▸ How to complete this task
Transcribe exactly, and without pictures, the lines from the one that contains "維生素B6注射液 2ml:0.1g 2501261A4 查看詳情" through the last line of the material.

▸ Data shown
============
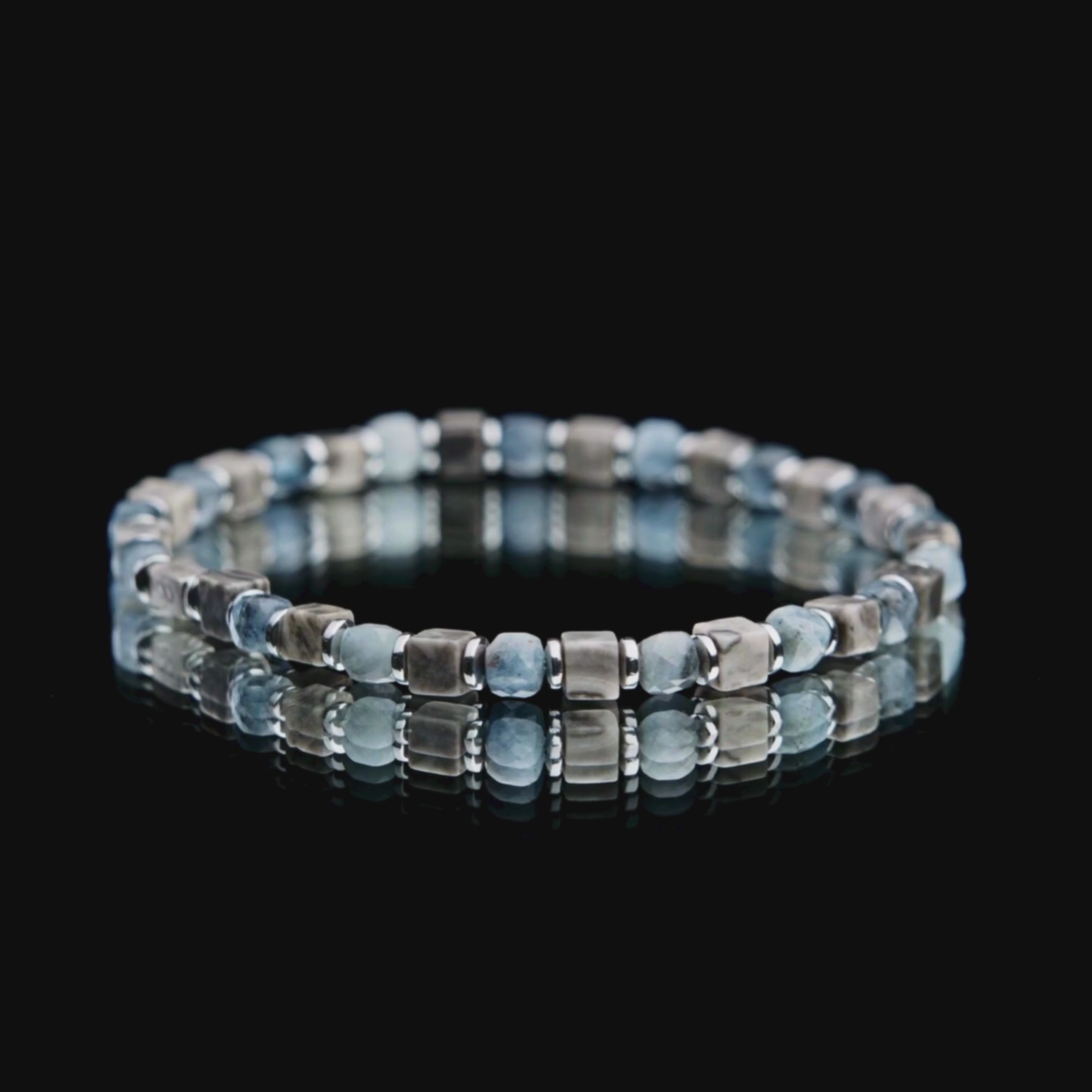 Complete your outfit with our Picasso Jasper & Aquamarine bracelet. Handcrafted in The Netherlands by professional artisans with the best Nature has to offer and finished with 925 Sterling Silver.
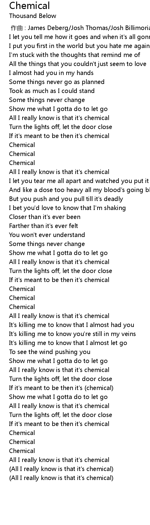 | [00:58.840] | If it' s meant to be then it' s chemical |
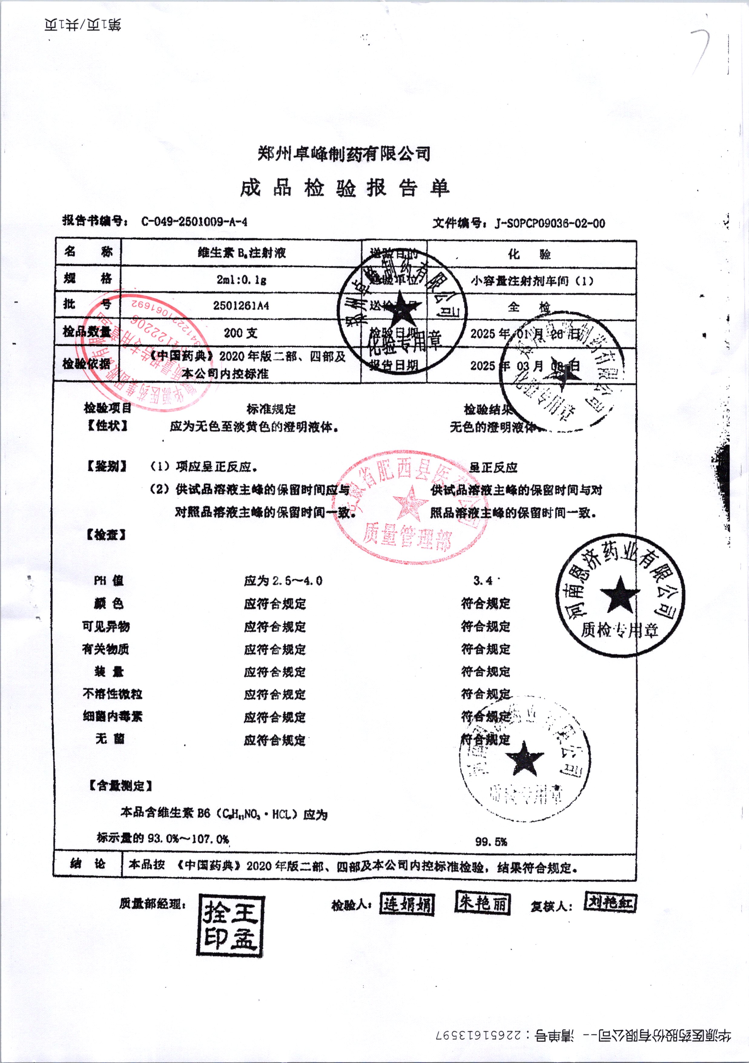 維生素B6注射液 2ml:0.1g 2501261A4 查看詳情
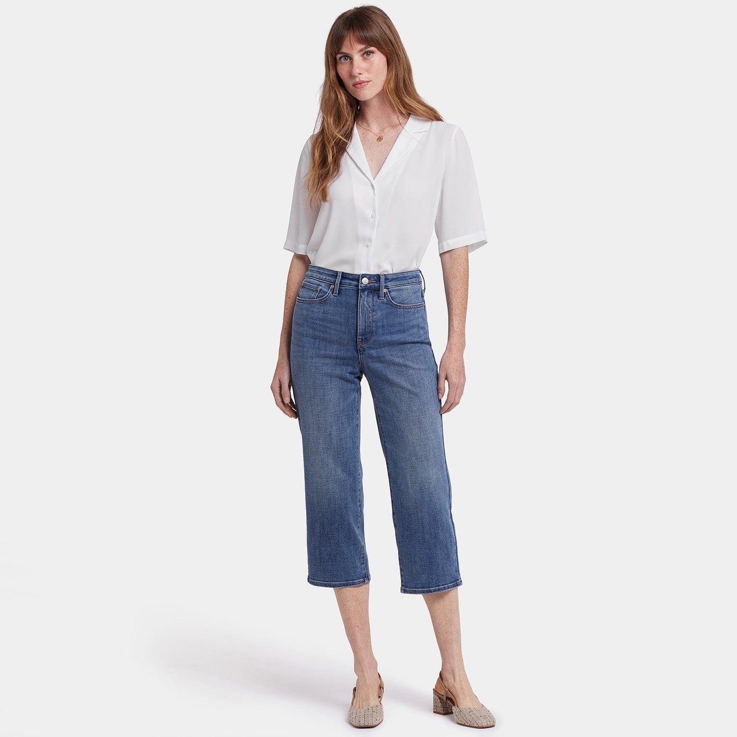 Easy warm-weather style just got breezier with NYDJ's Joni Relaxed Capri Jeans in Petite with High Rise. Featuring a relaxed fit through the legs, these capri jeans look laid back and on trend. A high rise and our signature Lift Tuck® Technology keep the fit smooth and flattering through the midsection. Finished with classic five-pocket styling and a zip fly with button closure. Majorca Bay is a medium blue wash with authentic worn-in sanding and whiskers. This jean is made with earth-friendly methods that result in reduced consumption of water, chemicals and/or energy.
============
▸ Solution
 維生素B6注射液 2ml:0.1g 2501261A4 查看詳情
 Easy warm-weather style just got breezier with NYDJ's Joni Relaxed Capri Jeans in Petite with High Rise. Featuring a relaxed fit through the legs, these capri jeans look laid back and on trend. A high rise and our signature Lift Tuck® Technology keep the fit smooth and flattering through the midsection. Finished with classic five-pocket styling and a zip fly with button closure. Majorca Bay is a medium blue wash with authentic worn-in sanding and whiskers. This jean is made with earth-friendly methods that result in reduced consumption of water, chemicals and/or energy.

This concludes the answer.